Hannah W. Foster’s The Coquette.

This epistolary novel anonymously published in 1797 and claimed later is based on a the factual death of Elizabeth Whitman which was sensationalized as a cautionary tale about the fatal consequences for women who have premarital sex.The real life person died in a tavern while giving birth to a stillborn, and was used as an example of what happens to women who do not behave. Hannah W. Foster introduces the novel as “founded in fact”  in this fictionalized account with several overlapping truths.

In the novel, Eliza Whitman becomes Eliza Wharton, the recently almost-widowed daughter of a priest, grieving her late fiance and regaining what freedoms she enjoyed before their engagement. Her musings on marriage as capture, on identity, and female friendship have given way for contemporary critics to interpret the recently revived novel as feminist text. The novel makes some serious claims about the danger of societal gender roles for men and women through the letters narrated by multiple men and women. The book contains many of the same scenes told through the eyes of different people including the Eliza’s villainous suitors, allowing readers to understand the real danger to Eliza’s well being was not one she ever had control over.

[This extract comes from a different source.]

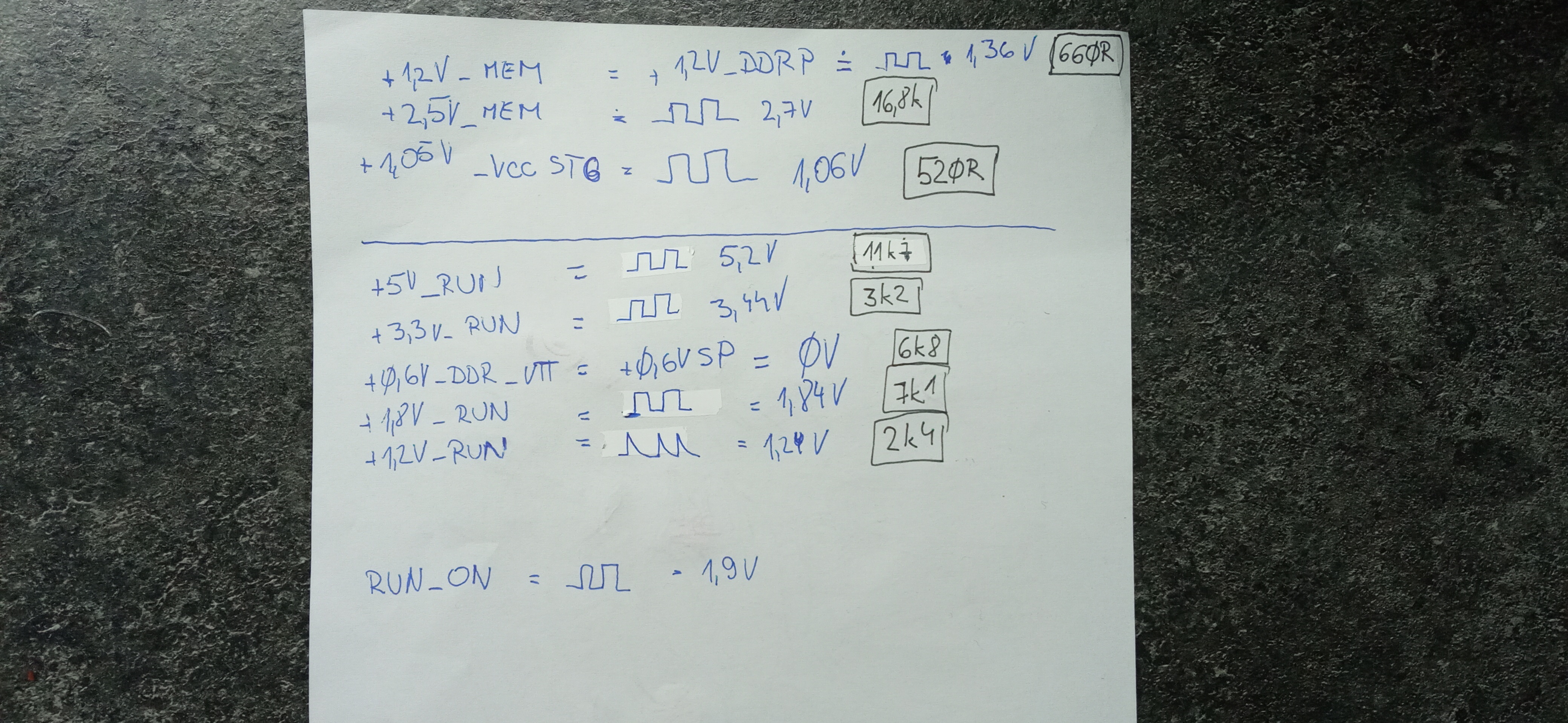 All selected power rails are fluctuating, see attachments. Only +0.6V_DDR_VTT is 0V. Resistances seem fine to me. Actually all enabled signals are fluctuating, obviously ( RUN_ON for example 0-1.9V ).

The letters also function to humanize Eliza as a fully feeling and complicated human being with motives and a conscience, not the immoral sinner the newspapers made her out to be after her death. This story represents factual fiction because it stays so close to the events and personalities of Elizabeth Whitman’s history. The fictionalized aspects come from the added characters and their accounts of interacting with Eliza, moving the plot along, and filling in the spaces between the key events leading to Eliza’s downfall. There is also an added pressure of the mother character representing the old widow Eliza could become, and the younger friends who do not understand her resistance to marriage.

In reading historical literature we do have to remember that it is only fiction, not hard evidence of the lifestyle from the time and region, yet The Coquette brings an indisputable authenticity to letters that it reads as a nonfiction account. However, the pacing of the book suffers at the hands of accuracy. The book spans a little over a year and includes the full length of Eliza’s pregnancy, during which not much happens.

Often when reading, there is little to no opportunity to ever truly determine authorial intent behind a piece, but the anonymous nature of the text and the revealing introduction gives some insight as to why the author chose to write the novel. There is such a noble intent by the author to make Whitman’s story heard fairly, and there seems to be a feminist solidarity in the act of writing and researching this novel. I found the criticisms of the novel to be more entertaining than the novel itself; it is quite dated and hard to get through, but the story and the history behind its conception is truly fascinating.